Frequency of daily patient transfer (OR 1.35 (CI 1.23 – 1.48)) and less frequent use of assistive devices (OR 1.82 (CI 1.50 – 2.21)) increased the odds for high physical exertion, whereas frequency of self-reliant patients (OR: 0.74 (CI 0.62 – 0.89)) lowered this risk.

Use of sliding pieces (OR 1.23 (CI 1.04 – 1.46)) and wheelchairs (OR 1.23 (CI 1.02 – 1.49)) for patient transfers were associated with increased risk of high physical exertion. However, use of the regular (OR 0.88 (CI 0.77 – 1.00)) and intelligent bed (OR 0.83 (CI 0.71 – 0.95)) lowered the risk of high physical exertion.

4 Discussion

The present study shows that high frequency of patient transfers, a lower number of self-reliant patients, increased amount and type of assistive devices used, is associated with increased odds for high physical exertion while life-style factors are not.

Not surprisingly, seldom use of assistive devices during patient transfers was associated with increased odds for high physical exertion. As high physical exertion during healthcare work is a risk factor for musculoskeletal pain [4 –8], long term sickness absence [9, 10] and disability pension [11 –13] the present findings support the importance of assistive device use as a strategy for preserving a healthy balance between work tasks and individual capacity among healthcare workers. Moreover, multiple studies have shown a reduction in injury rates after implementation of policies that aim to limit manual patient transfer and increase the use of assistive devices [24 –30]. Notably, several of these studies particularly promote the use of ceiling lifts as a preventive strategy [24 , 31–35]. However, we did not observe an association between the use of ceiling lifts for patient transfers and the odds for experiencing high physical exertion. On the other hand, more frequent use of regular and intelligent beds was shown to reduce the odds in the present study. The very frequent use of regular beds in more than 70 % of all patient transfers, highlights the overall protective mechanisms of proper implementation and use of beds for patient handling.

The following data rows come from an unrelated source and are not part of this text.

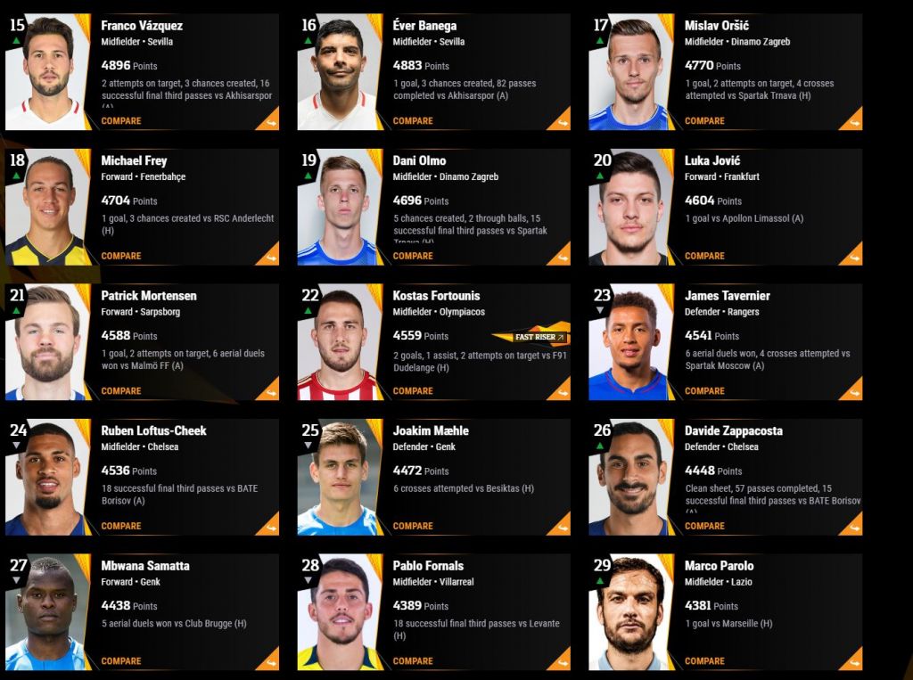 Ο Φόρτου από το καλοκαίρι και τα προκριματικά της διοργάνωσης μετράει 4 γκολ και 5 ασίστ, ενώ έχει συμμετοχή και στο γκολ του Ολυμπιακού κόντρα στην Ντουντελάνζ στο Λουξεμβούργο. Πέρα από τον Φορτούνη πάντως στη σχετική λίστα βρίσκεται και ο Βασίλης Τοροσίδης, ο οποίος φιγουράρει στην 62η θέση έχοντας πετύχει δύο τέρματα. Στην κορυφή των πιο φορμαρισμένων του Εuropa δεσπόζει ο Σεμπάστιαν Χάλερ της Αϊντραχτ Φρανκφούρτης και πίσω του ο Τζιοβάνι Λο Σέλσο της αντιπάλου των ερυθρόλευκων, Ρεάλ Μπέτις, ενώ ο Σωκράτης Παπασταθόπουλος βρίσκεται στην 42η θέση.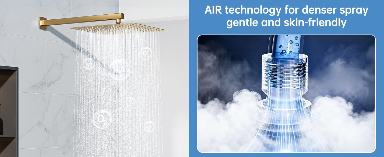 - Featuring cutting edge air injection technology, this rainfall shower head fully blends water with air to deliver double the water pressure, recreating the comfortable feel of natural rain. The shower head panel is reinforced with double the thickness, ensuring stability and durability even under high pressure conditions. While delivering powerful water pressure, it also saves 30%-50% on water usage perfect for households with low water pressure.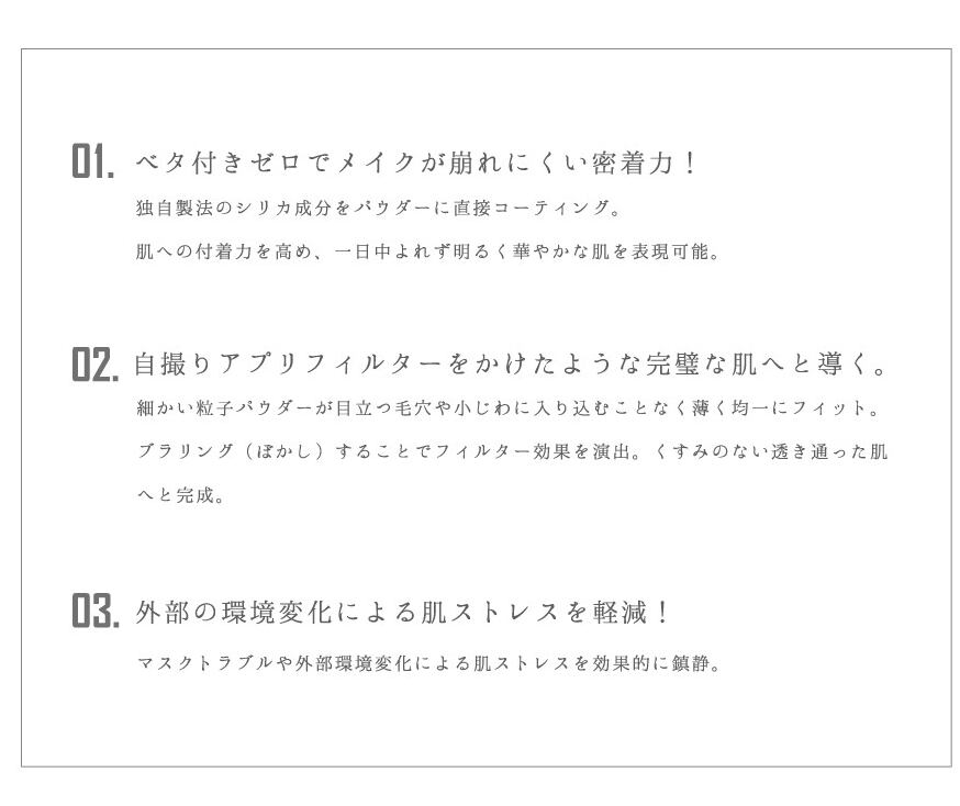 にじまず、ベタ付かず、透明感のあるきれいな肌に仕上げるパウダーが、日常化したマスクの着用の中でメイクが崩れないように高いキープ力でメイクを維持させます。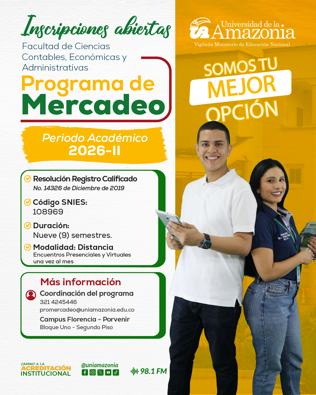 ¡La Universidad de la Amazonía, a través del Programa de Mercadeo, adscrito a la Facultad de Ciencias Contables, Económicas y Administrativasabre sus inscripciones para el periodo académico 2026-II!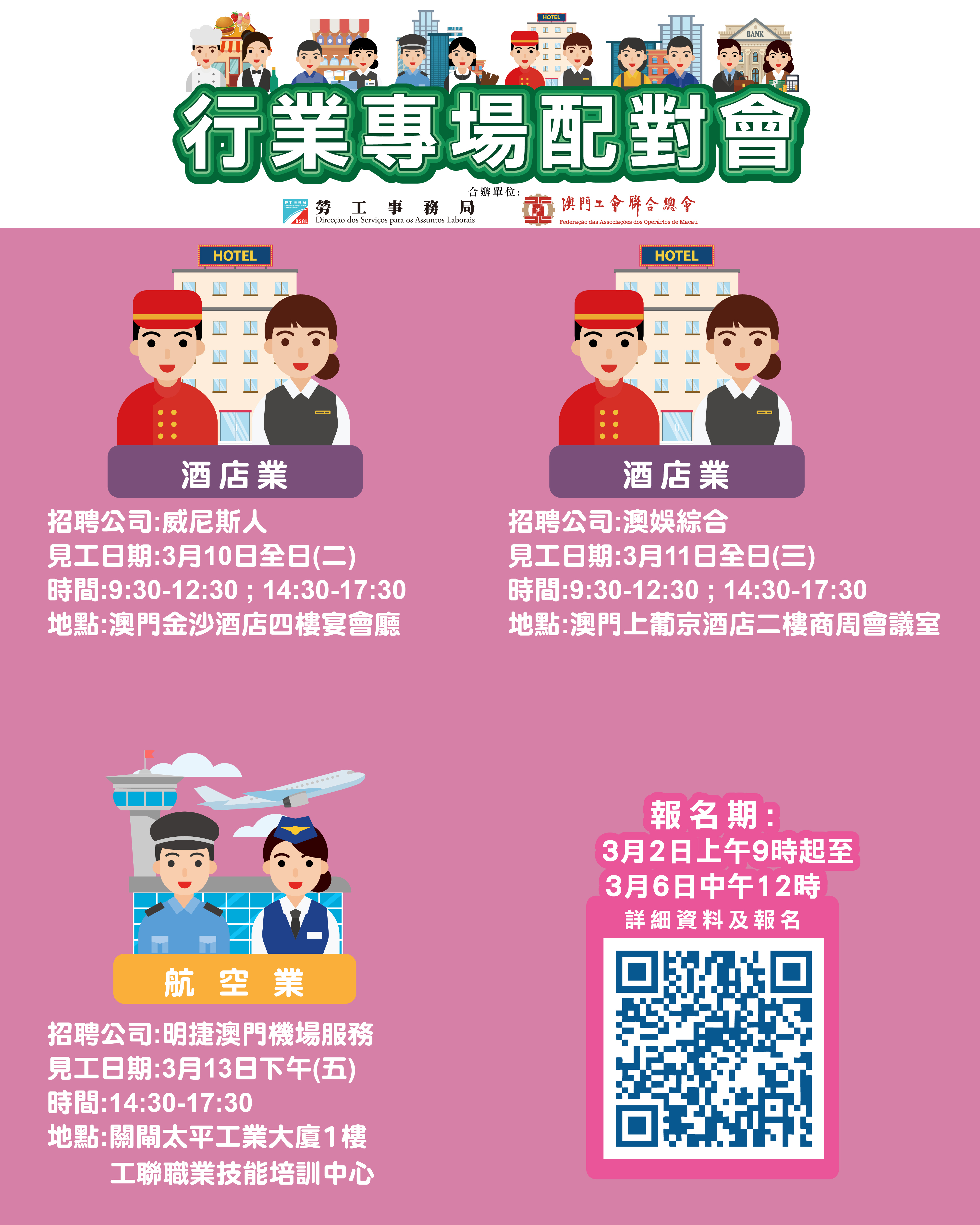 3月10日假澳門金沙酒店四樓宴會廳舉辦酒店業專場配對會,參與企業為“威尼斯人澳門股份有限公司”,提供111個職位空缺,主要職位包括餐飲服務經理、豪華轎車服務部主管、前台部賓客關係專員、專職管家、廚師(中廚/西廚)及餐飲服務員等崗位。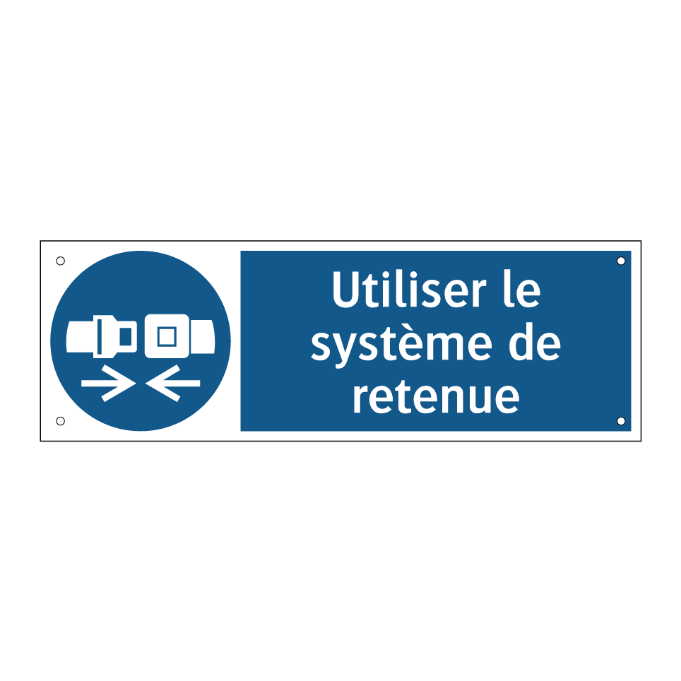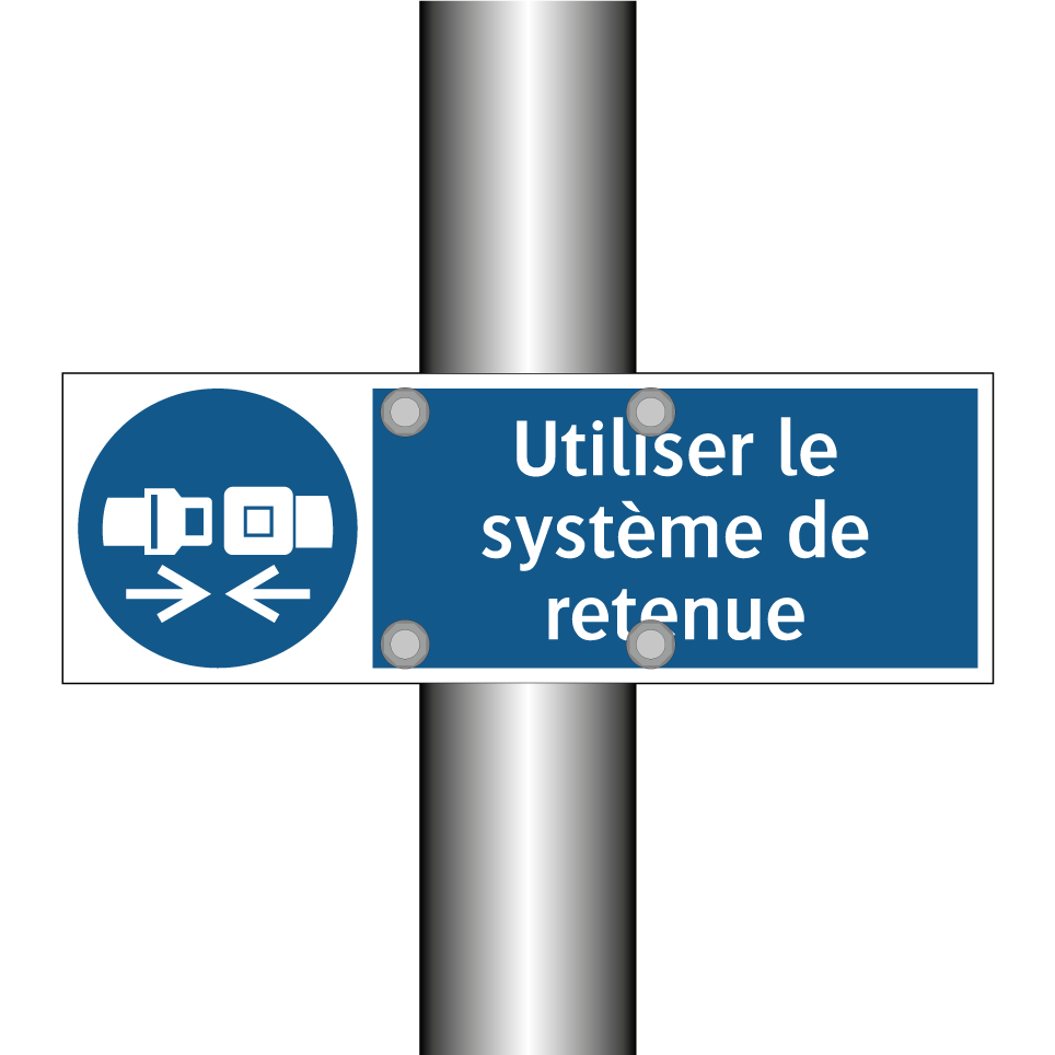 Panneau d'obligation avec le texte : "Utiliser le système de retenue"

A somewhat surprising finding was that more frequent use of sliding pieces and wheelchairs increased the odds for high physical exertion. This finding does not necessarily imply that use of these assistive devices increases the risk of injuries and musculoskeletal disorders compared to manual patient transfers. If this was the case, it would indeed constitute a problem, as particularly sliding pieces were very frequently used in 70 % of patient transfers among the present healthcare workers. The increased physical exertion may rather reflect that use of sliding pieces and wheelchairs involves a degree of manual transfer that requires proper patient transfer techniques to minimize the high loadings on the lower back. Accordingly, several studies have observed that even though sliding pieces reduce the friction between the patient and the bed, the transfer technique adopted by the healthcare worker must be sufficient to reduce low back loading and risk of back injuries and musculoskeletal disorders [36 –38]. Similarly, for the wheelchair, which may assist when pushing the patient around, however, the patient needs to be transferred from the bed to the wheelchair and that may be physically exerting and promote large lower back compression forces [39]. Moreover, another explanation for the increased risk of high perceived exertion may be concerning a potential difference in the type of patients (i.e. degree of self-reliance), that are usually transferred using sliding pieces and wheelchairs. Although we adjusted the analysis for self-reliance in general, we did not adjust for patient self-reliance in regard to the specific type of transfer or assistive device used.

Increased number of self-reliant patients was, in fact, shown to decrease the odds for high physical exertion. Thus, engaging the patient to assist in the transfer seems to be a protective action if possible. Also a general high number of daily patient transfers were associated with increased physical exertion, regardless of assistive device use.

Lifestyle factors such as BMI, smoking status and leisure time physical activity and age were not associated with increased risk for higher physical exertion. Thus, being older, having a higher body mass per height and the potential detrimental effects of smoking on physical capacity does not seem to constitute an excessive or additional burden on the present healthcare workers when performing patient transfers. It may, on the other hand, be speculated that older healthcare workers are more experienced and potentially perform patient transfers with superior technique compared to novice healthcare workers, consequently leading to lower physical exertion [31]. In any event, individual variations in transferring technique may compromise the investigated associations.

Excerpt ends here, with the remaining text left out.